『サイボーグ009』とポリティカル・コレクトネス

 島本和彦『アオイホノオ』の主人公は、大学生時代の作者がモデルである。1980年ごろのアニメとかマンガとかの話が出てきて面白いのだが、『サイボーグ009』の二度目のアニメ化(1979年)が始まった時、主人公がそのオープニングを見て大感激をするというシーンがある。サイボーグ戦士が一人ずつ画面に出てきてはその能力を見せるのだが、それがいかに素晴らしいセンスで演出がなされていることかについて事細かく延々と力説する主人公。しかし私は003のくだりで噴き出してしまった。
サイボーグ
 みもふたもないことを。
 やっぱりみんな003のことをマスコットヒロインだと思っていたんだな。戦士じゃない。

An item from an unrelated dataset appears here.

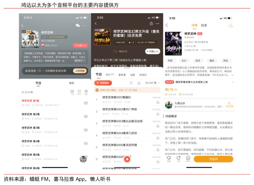 經(jīng)典案例:根據(jù)蜻蜓FM、喜馬拉雅App、懶人聽書、中信證券研究部等綜合資訊表明,鴻達(dá)以太憑借海量的獨(dú)家有聲內(nèi)容形成護(hù)城河,成為喜馬拉雅、蜻蜓 FM、懶人聽書、酷我暢聽等音頻平臺的主要內(nèi)容提供方之一。鴻達(dá)以太旗下作品《修羅武神》、《權(quán)利巔峰》在蜻蜓 FM、喜 馬拉雅、懶人聽書、酷我暢聽的總播放量均超過25 億次。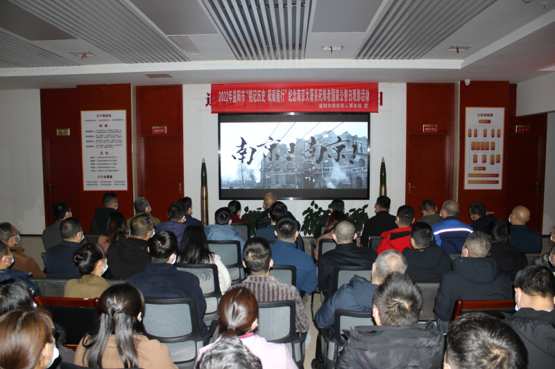 2022年12月13日是第九个南京大屠杀死难者国家公祭日,为缅怀遇难同胞和革命先烈,铭记历史、砥砺前行。12月12日下午,市退役军人事务局组织开展“铭记历史 砥砺前行”南京大屠杀死难者国家公祭日观影活动。市退役军人事务局、市住房保障服务中心、市工商联、市规划行政执法支队、退役军人代表参加观影活动。

 『ジャッカー電撃隊』と『サイボーグ009』は、どちらもサイボーグ戦士団の戦いを描いた、石ノ森章太郎の作品である。片や打ち切り、片や石ノ森の代表作扱い。ずいぶんと差がついたものである。
 ところが、『ジャッカー』の流れを汲むスーパー戦隊シリーズは、男と対等同格の女戦士を登場させ、戦士としての強さと女の子としてのかわいらしさの両方の魅力を持ったヒロインを打ち出し、大きな成功をおさめた。それに対して女の子としてのかわいらしさしか持たされなかった『009』の003は、言っちゃ悪いが、今見ると大して魅力的なヒロインではない。
 2001年には三度目のアニメ化となった『009』だが、他のサイボーグたちは大岩を軽々とジャンプする一方で、いちいち男たちに手を引っ張ってもらわないと岩も登れない003は、はっきり言って変すぎる。なんで一人だけ性能がこんなに違うの。
 『009』の原作が初めて世に出たのが1964年である。今読めば、偏見や差別と受け止められる可能性を持つ箇所も多い。それがリメイクのたびに問題になる。原典のままにするのか、修正するのか。適宜判断していくしかないだろう。しかし2001年版のアニメは、人種・民族に対しては、神経過敏と言ってもいいくらいの修正を施しながら、性に対してはほったらかし。
 石ノ森プロの問題意識って一体どうなってんのよ。